On Sun, 24 May 2020, Robert Heller wrote:
At Sun, 24 May 2020 18:33:25 -0500 (CDT) CentOS mailing list <centos@xxxxxxxxxx> wrote:
I'm trying to format a 16 GB SD card to FAT32.
Either it won't find the device or it
gives me the titular error message.
mkfs.fat /dev/sdc
First of all, doing it *without* a partition table is not going to work (well
mkfs.fat is not going to care (once you deal with the other error). Since
Thanks much!
That was it.
It did care.
At one point I was even told something like,
won't do it, partition table.
you are formatting iy FAT32, I'm presuming you will be using it in some device
(eg camera, mess-windows machine, etc.). You want an MBR partition table --
Actually, I'm trying to update my BIOS.
The instructions I found require FAT32.
https://h30434.www3.hp.com/t5/Desktop-Hardware-and-Upgrade-Questions/Trying-to-update-the-bios-on-dc-5800-mt/m-p/5746185#M134271
I have tried "ejecting" the drive and reinserting the card.

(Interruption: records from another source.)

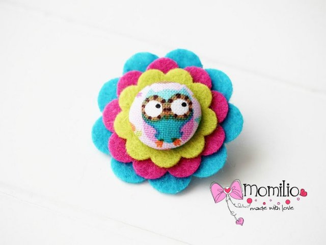 Broszka kwiatuszek uszyty z filcu. Śr. kwiatuszka 3,8 cm Zapięcie broszkowe.
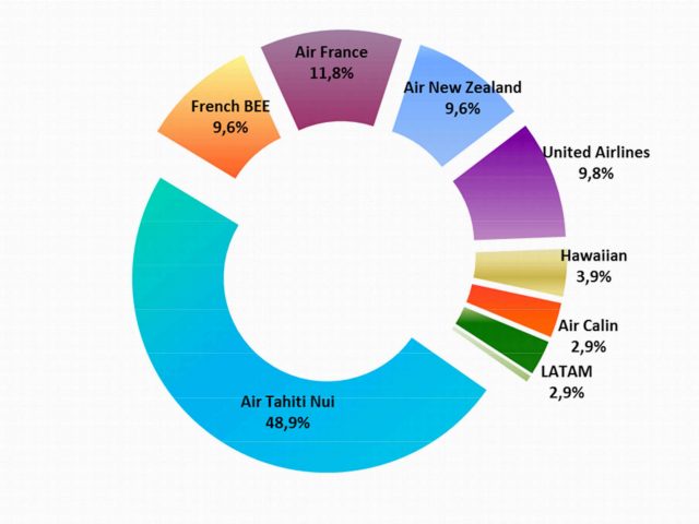 Au niveau des transporteurs, Air Tahiti Nui occupe la moitié des part du trafic international, avec 49% des passagers internationaux transportés, soit deux points de plus que lors des deux derniers mois de 2018. Loin derrière se regroupent les autres autres opérateurs desquels se détache légèrement Air France avec 11,8%, suivi de trois compagnies qui se tiennent dans un mouchoir de poche avec United Airlines (9,8%), Air New Zealand et la low cost French bee (9,6% chacun).
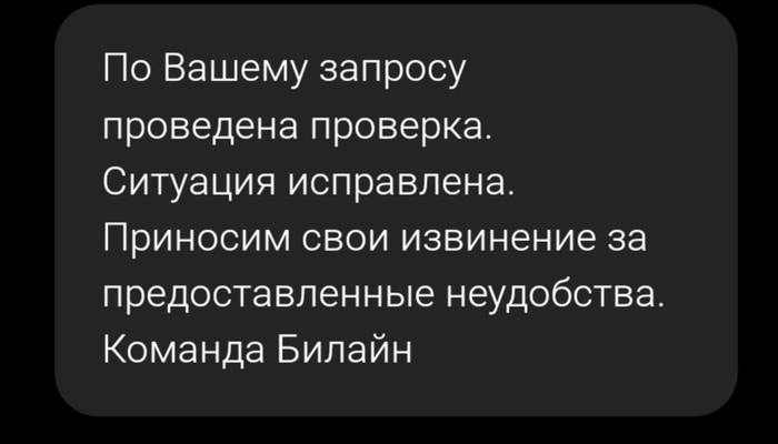 На утро следующего дня, мне звонит специалист (как я думал), и говорит что все разобрались, принесли извинения (ага, это примерно то что мне было нужно, за 1,5 часа в офисе, неоказание услуг и нервы), и заказ отменён, деньги поступят в ближайшее время (спойлер: деньги не поступили до сих пор). Ну думаю ладно, а что мне делать не с моим тарифом? Говорит у нее лапки, звоните 0611. Это оказался специалист чисто по продажам.

I have tried inserting another card, checking to insure
that I could see its file, ejecting that card and
inserting the target card.
If I do not umount it, busy, if I don't, not found.
I'm guessing you are using a GUI and the GUI has some "magic" GUI mounter hack
that automagically mounts USB disks when they show up. You probably have to
turn that off or work around it. I guess umount from a shell will work. Eject
I used eject from the GUI and umount from the command line.
won't work, since that not only umounts the file system, it also removes the
device files (hense "device not found").
--
Michael hennebry@xxxxxxxxxxxxxxxxxxxxx
"Sorry but your password must contain an uppercase letter, a number,
a haiku, a gang sign, a heiroglyph, and the blood of a virgin."